Action is not Reaction

Yesterday my wife, son, and I went to see Just Mercy, the new movie starring Michael B. Jordan and Jamie Foxx. The film chronicles the true story of Walter McMillian (played by Foxx), a black man who spent almost six years on Alabama’s death row for a murder he didn’t commit, and Bryan Stevenson (played by Jordan), the public interest attorney who represented him and wrote the 2014 memoir on which much of the film is based. I loved the movie and was struck by how many important issues the film raised for me, like the continuing racial divide, the need for criminal justice reform, and why the U.S. is the only Western country that still has the death penalty. Watching it on Martin Luther King Day only further intensified the movie’s effect on me.

I also took notice of one very interesting fact. McMillian’s home and his trial are based in Monroeville, Alabama, the home town of Harper Lee, and the inspiration for the fictional town of Maycomb, Alabama, the center of Lee’s novel To Kill a Mockingbird. The parallels between the events of the movie and Lee’s novel are apparent to anyone who has watched the movie and read the book. But for me, the most interesting parallel is the degree to which the lawyer Atticus Finch and his client Tom Robinson in the novel and Stevenson and McMillian in the movie demonstrate extraordinary emotional mastery.

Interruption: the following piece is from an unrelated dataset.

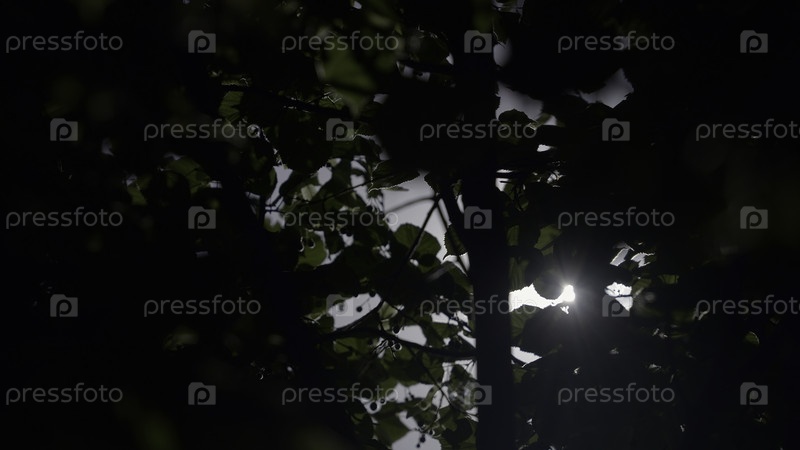 Солнечные лучи проникают сквозь зеленые ветви деревьев. Действие. Волшебный лес с теплыми солнечными лучами, освещающими зеленое дерево

One of my favorite parts of To Kill a Mockingbird was the interaction between Finch’s children, Scout and Jem, and Mrs. Henry Lafayette Dubose, a neighbor of the Finch family. To walk into town, the children are forced to walk by the elderly Mrs. Dubose, who is almost always sitting on her front porch and who almost always assaults the children with a verbal tirade of insults, oftentimes about their father. When I first read the novel, I was amazed by how Atticus was able to not only tolerate Mrs. Dubose but to genuinely and unfailingly direct compassion and kindness towards her and to instruct his children to do the same. This kind of emotional mastery was on display during the movie. It was certainly on display for much of Dr. Martin Luther King, Jr.’s life.

Most extraordinary people have the superpower of choosing when and how to express their emotions. They are able to maintain a level of equanimity in the face of even extreme injustice. Think about it. Mandela, Dr. King, Gandhi, Jesus. All masters of their emotions. They knew that such emotional mastery was essential to their callings.

If you want to lead an extraordinary life, you have to be a master of your emotions, not a prisoner to them. Where in your life can you heed the wisdom and lessons of the great leaders and master your emotions more skillfully? What would it look like to more consistently choose to act instead of automatically react to your environment?

Last week I declared 2020 the year of Action (not Reaction). Let’s choose to act in a way that masters our emotions and, in so doing, honors the legacy of the many great leaders who have taught us exactly what that looks like.